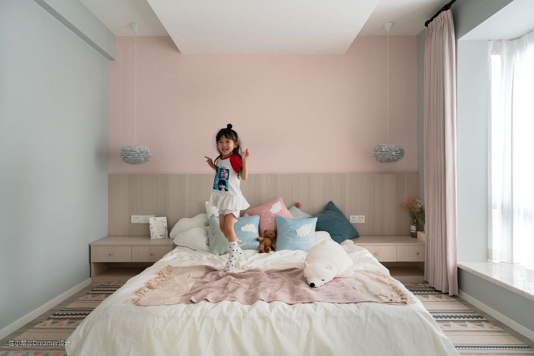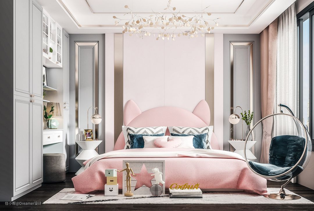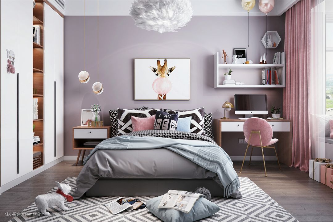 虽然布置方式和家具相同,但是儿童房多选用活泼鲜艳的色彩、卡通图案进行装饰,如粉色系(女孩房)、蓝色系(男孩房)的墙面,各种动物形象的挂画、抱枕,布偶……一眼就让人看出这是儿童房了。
______________________________
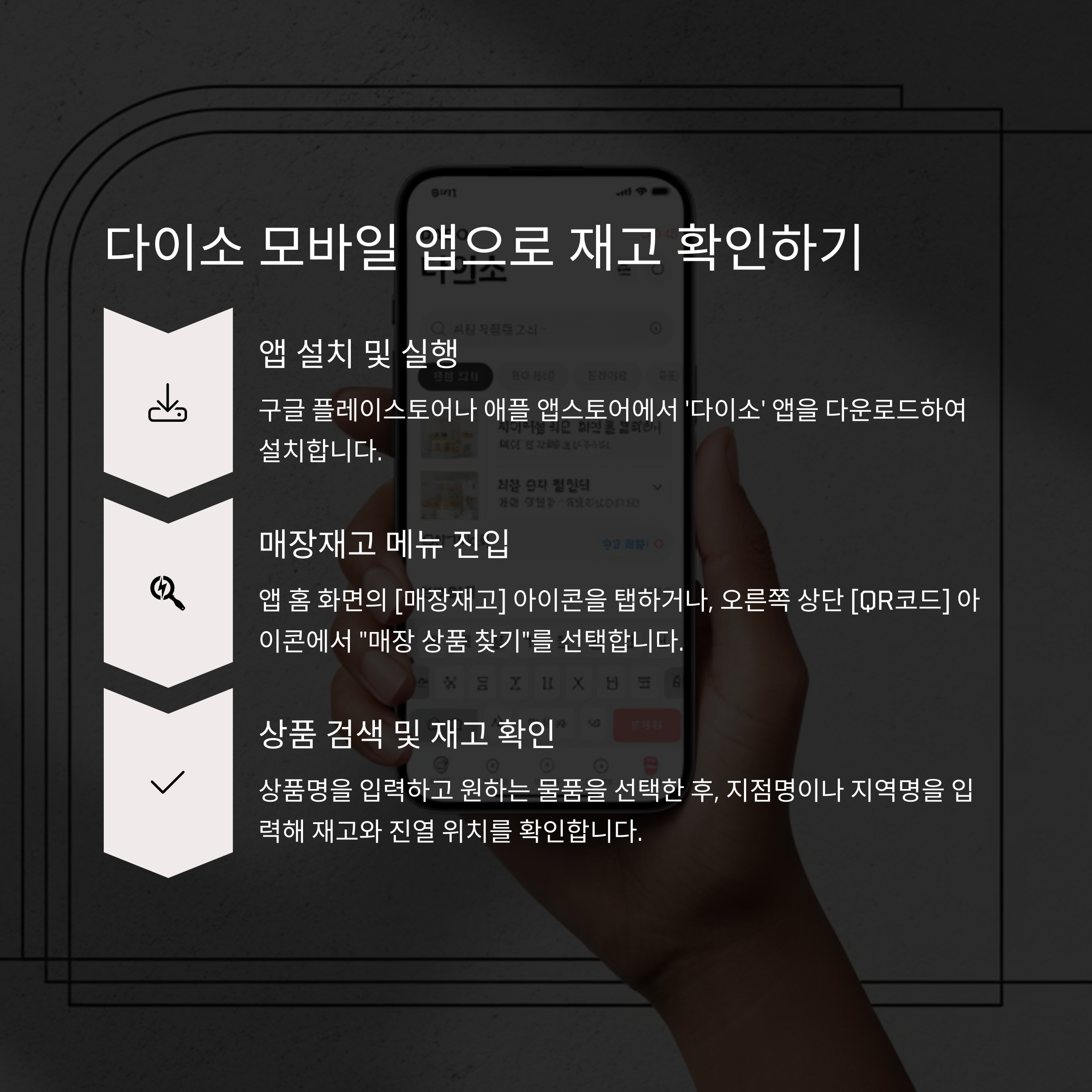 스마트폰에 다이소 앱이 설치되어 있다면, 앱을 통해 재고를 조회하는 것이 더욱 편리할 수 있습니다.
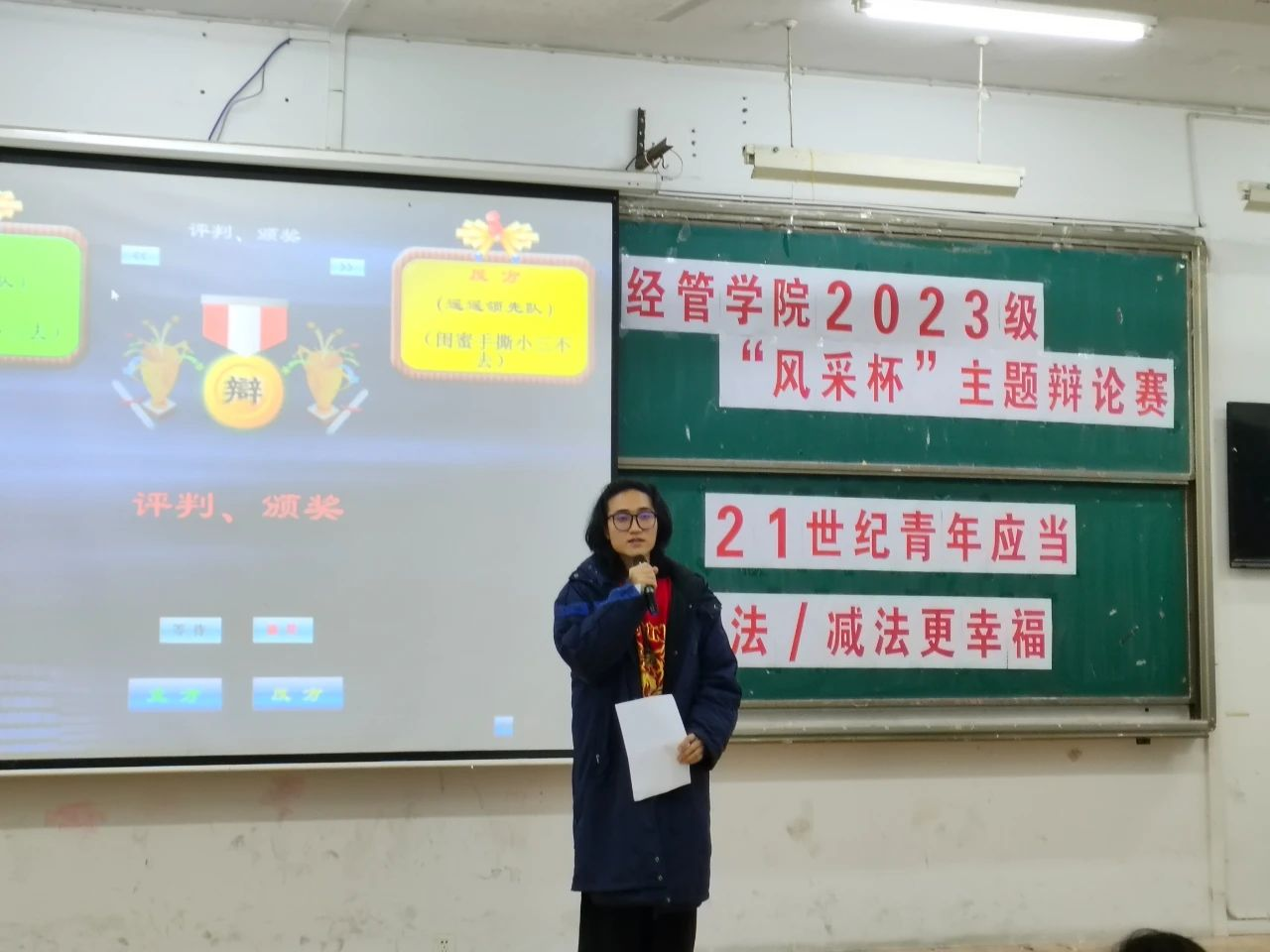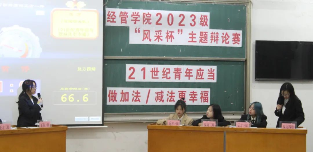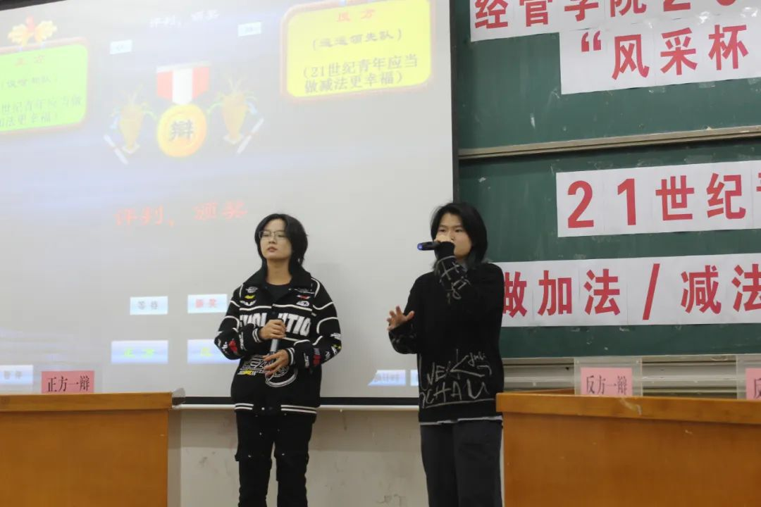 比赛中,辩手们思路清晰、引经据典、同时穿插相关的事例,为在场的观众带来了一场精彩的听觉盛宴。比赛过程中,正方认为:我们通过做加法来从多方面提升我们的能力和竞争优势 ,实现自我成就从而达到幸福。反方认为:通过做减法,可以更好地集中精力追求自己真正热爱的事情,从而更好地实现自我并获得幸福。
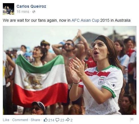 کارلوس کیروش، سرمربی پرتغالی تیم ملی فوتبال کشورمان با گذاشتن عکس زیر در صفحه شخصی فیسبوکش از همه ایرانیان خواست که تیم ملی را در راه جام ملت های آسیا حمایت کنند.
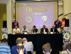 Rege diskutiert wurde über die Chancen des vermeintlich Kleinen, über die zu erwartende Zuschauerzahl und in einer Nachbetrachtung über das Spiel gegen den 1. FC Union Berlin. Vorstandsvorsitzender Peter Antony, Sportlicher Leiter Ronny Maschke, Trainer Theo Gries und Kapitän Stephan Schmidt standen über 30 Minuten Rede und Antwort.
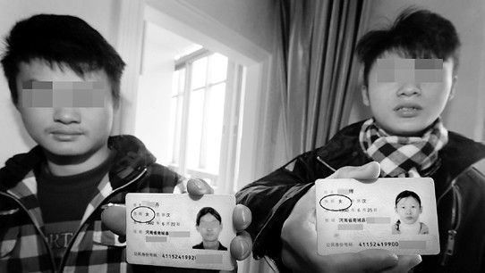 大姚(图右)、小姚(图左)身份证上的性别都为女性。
______________________________
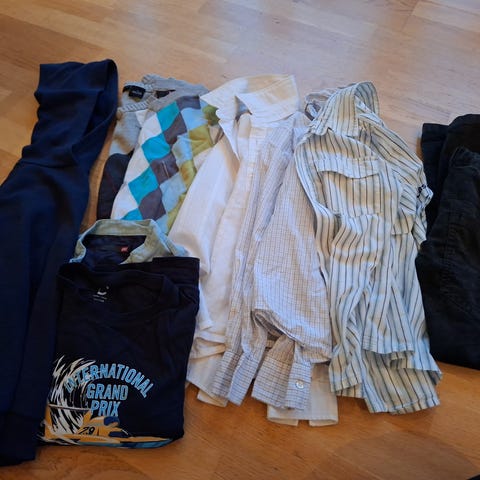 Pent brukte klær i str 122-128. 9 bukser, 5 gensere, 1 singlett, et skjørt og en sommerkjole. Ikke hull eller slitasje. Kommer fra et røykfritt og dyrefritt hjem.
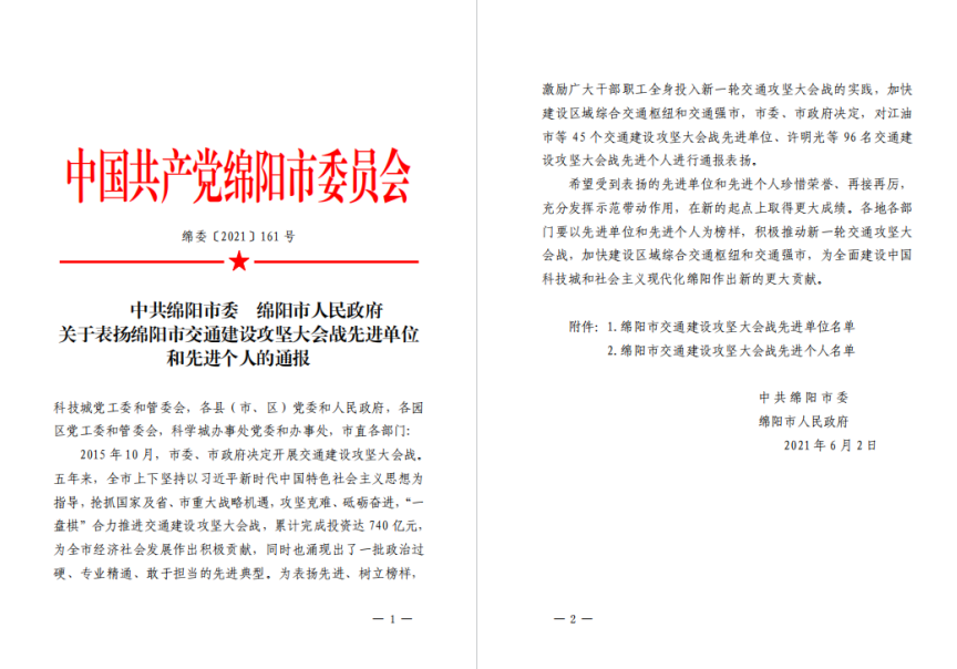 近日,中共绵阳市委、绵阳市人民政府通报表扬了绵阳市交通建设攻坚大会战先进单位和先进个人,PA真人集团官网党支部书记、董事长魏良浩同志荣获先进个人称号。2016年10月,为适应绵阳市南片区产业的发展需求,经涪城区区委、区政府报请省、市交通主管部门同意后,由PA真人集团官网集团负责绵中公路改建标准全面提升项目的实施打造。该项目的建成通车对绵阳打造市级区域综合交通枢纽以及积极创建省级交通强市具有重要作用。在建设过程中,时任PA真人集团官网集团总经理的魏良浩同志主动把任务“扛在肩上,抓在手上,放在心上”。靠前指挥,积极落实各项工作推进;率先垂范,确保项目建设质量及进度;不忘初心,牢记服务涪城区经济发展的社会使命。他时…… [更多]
______________________________
→ **Work to complete**:
In the listing above, find the line containing "스마트폰에 다이소 앱이" and the line containing "大姚(图右)、小姚(图左)身份证上的性别都为女性。". Reproduce those lines and all between them exactly, with no pictures and nothing more.

→ **Answer for the task**:
 스마트폰에 다이소 앱이 설치되어 있다면, 앱을 통해 재고를 조회하는 것이 더욱 편리할 수 있습니다.
 比赛中,辩手们思路清晰、引经据典、同时穿插相关的事例,为在场的观众带来了一场精彩的听觉盛宴。比赛过程中,正方认为:我们通过做加法来从多方面提升我们的能力和竞争优势 ,实现自我成就从而达到幸福。反方认为:通过做减法,可以更好地集中精力追求自己真正热爱的事情,从而更好地实现自我并获得幸福。
 کارلوس کیروش، سرمربی پرتغالی تیم ملی فوتبال کشورمان با گذاشتن عکس زیر در صفحه شخصی فیسبوکش از همه ایرانیان خواست که تیم ملی را در راه جام ملت های آسیا حمایت کنند.
 Rege diskutiert wurde über die Chancen des vermeintlich Kleinen, über die zu erwartende Zuschauerzahl und in einer Nachbetrachtung über das Spiel gegen den 1. FC Union Berlin. Vorstandsvorsitzender Peter Antony, Sportlicher Leiter Ronny Maschke, Trainer Theo Gries und Kapitän Stephan Schmidt standen über 30 Minuten Rede und Antwort.
 大姚(图右)、小姚(图左)身份证上的性别都为女性。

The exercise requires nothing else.